## WHAT IS NEEDED
In the entries below, find the line with "洗手間,深紅色灰泥曲牆,不鏽鋼圓柱立式洗手台,單點照明。" and the line with "Once the Elementor"; copy them and every line between them exactly, but not the pictures.

** Opening DATA PROVIDED block **

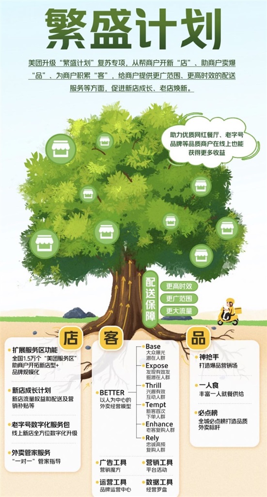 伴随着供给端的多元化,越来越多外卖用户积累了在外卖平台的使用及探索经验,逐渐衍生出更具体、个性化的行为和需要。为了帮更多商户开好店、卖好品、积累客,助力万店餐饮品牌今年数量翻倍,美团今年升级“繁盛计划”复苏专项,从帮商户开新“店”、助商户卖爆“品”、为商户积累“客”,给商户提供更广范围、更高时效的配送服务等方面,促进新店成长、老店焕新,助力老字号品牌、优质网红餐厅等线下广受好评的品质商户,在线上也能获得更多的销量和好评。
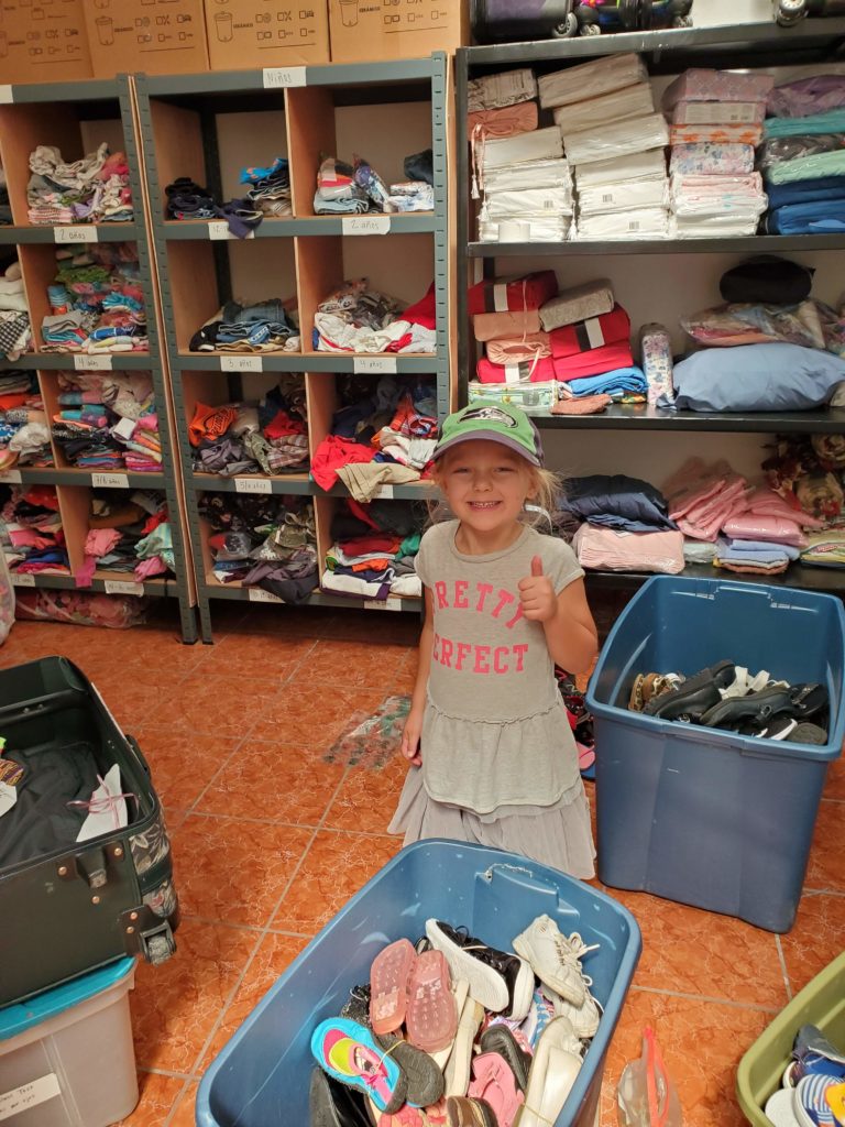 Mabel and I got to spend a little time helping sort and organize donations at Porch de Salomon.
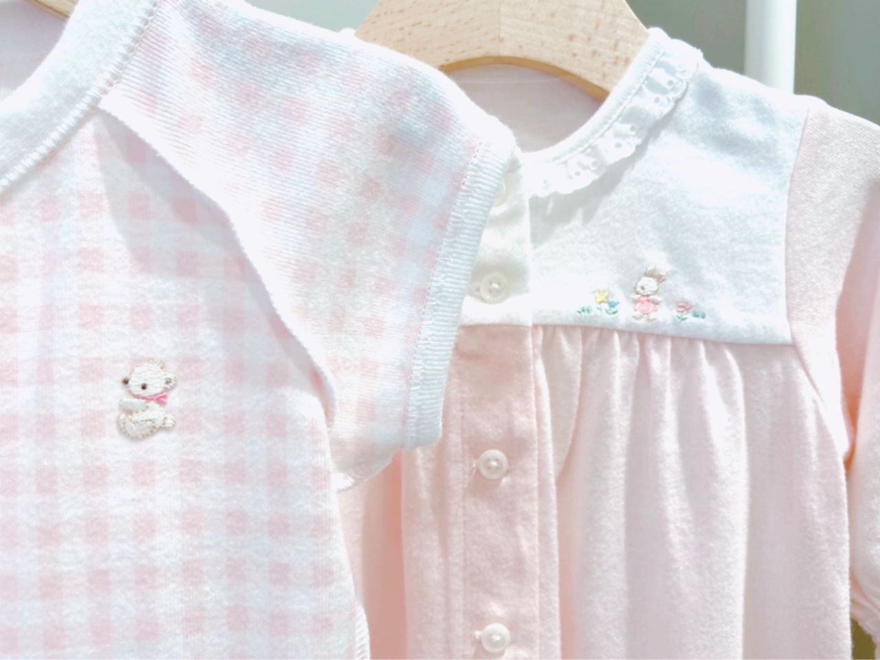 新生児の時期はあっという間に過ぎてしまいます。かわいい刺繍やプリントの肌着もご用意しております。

** Closing DATA PROVIDED block **
** Opening DATA PROVIDED block **

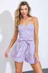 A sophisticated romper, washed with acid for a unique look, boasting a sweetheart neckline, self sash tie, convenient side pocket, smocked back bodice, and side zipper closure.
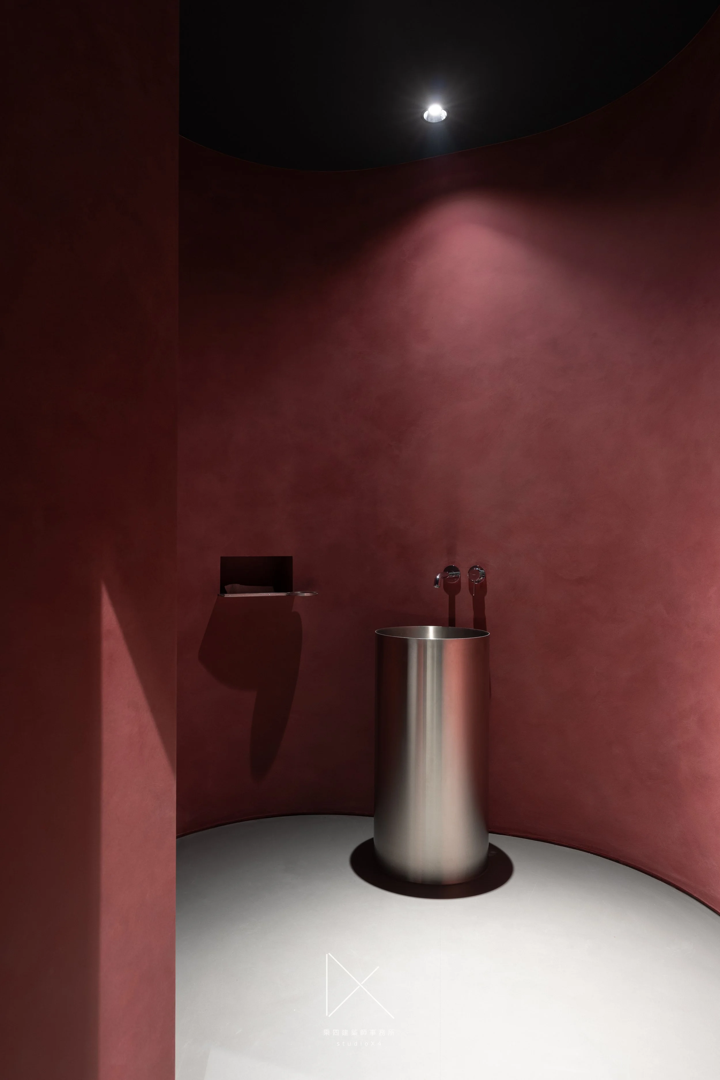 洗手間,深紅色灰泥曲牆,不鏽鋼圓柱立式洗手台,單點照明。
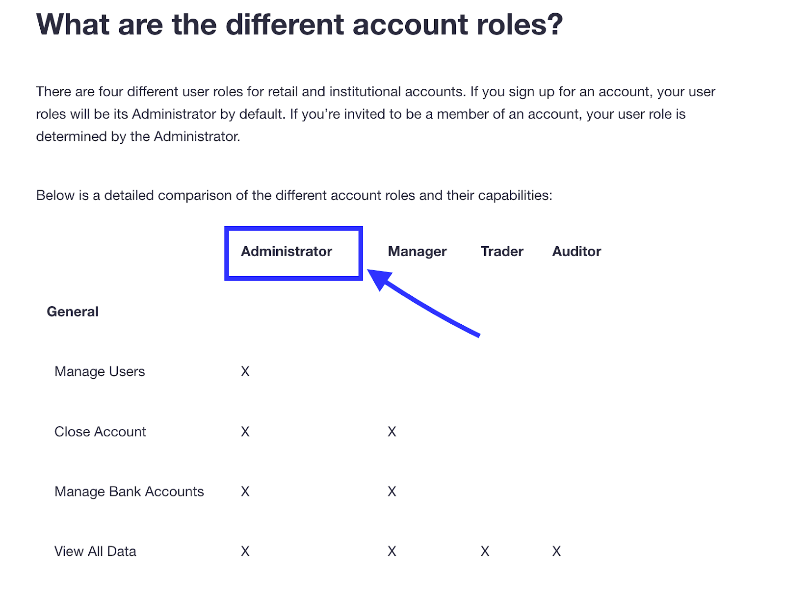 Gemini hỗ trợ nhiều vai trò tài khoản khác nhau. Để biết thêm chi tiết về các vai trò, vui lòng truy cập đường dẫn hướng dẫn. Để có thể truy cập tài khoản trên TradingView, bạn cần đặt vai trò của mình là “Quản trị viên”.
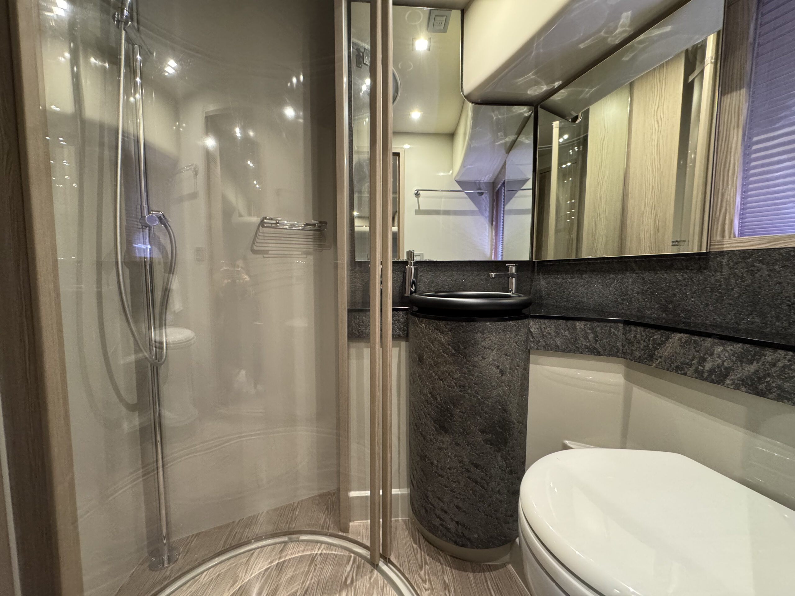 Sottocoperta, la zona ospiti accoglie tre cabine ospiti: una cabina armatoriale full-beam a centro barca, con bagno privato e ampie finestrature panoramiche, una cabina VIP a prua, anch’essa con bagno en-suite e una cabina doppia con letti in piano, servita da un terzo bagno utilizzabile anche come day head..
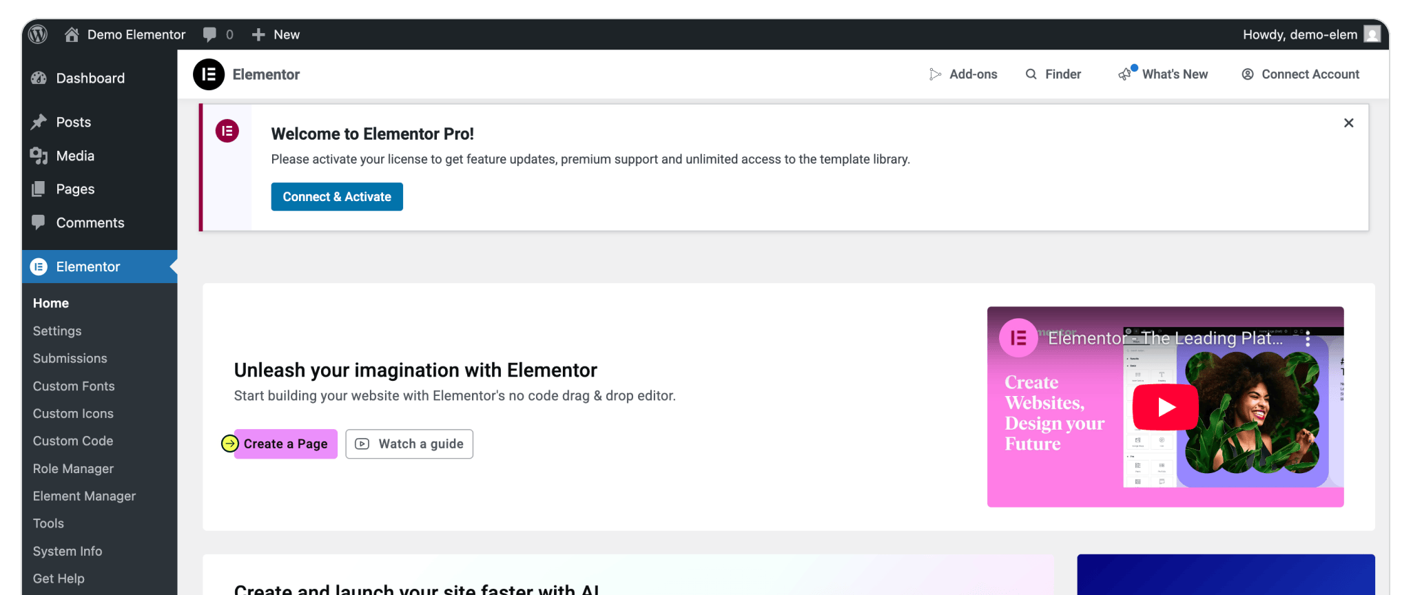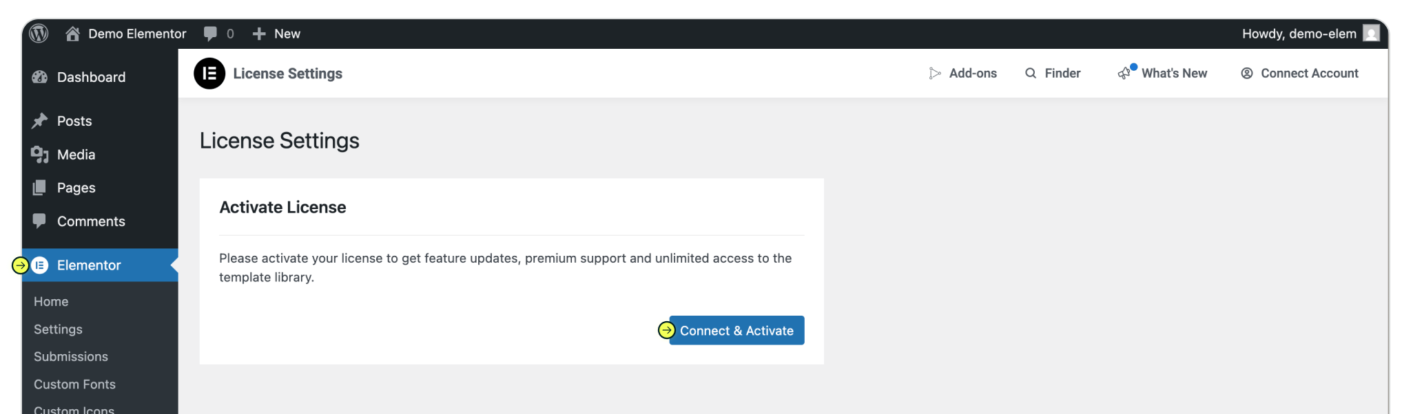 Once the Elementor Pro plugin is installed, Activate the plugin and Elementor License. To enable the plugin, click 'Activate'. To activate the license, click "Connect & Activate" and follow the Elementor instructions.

** Closing DATA PROVIDED block **

## PROBLEM SOLUTION
 洗手間,深紅色灰泥曲牆,不鏽鋼圓柱立式洗手台,單點照明。
 Gemini hỗ trợ nhiều vai trò tài khoản khác nhau. Để biết thêm chi tiết về các vai trò, vui lòng truy cập đường dẫn hướng dẫn. Để có thể truy cập tài khoản trên TradingView, bạn cần đặt vai trò của mình là “Quản trị viên”.
 Sottocoperta, la zona ospiti accoglie tre cabine ospiti: una cabina armatoriale full-beam a centro barca, con bagno privato e ampie finestrature panoramiche, una cabina VIP a prua, anch’essa con bagno en-suite e una cabina doppia con letti in piano, servita da un terzo bagno utilizzabile anche come day head..
 Once the Elementor Pro plugin is installed, Activate the plugin and Elementor License. To enable the plugin, click 'Activate'. To activate the license, click "Connect & Activate" and follow the Elementor instructions.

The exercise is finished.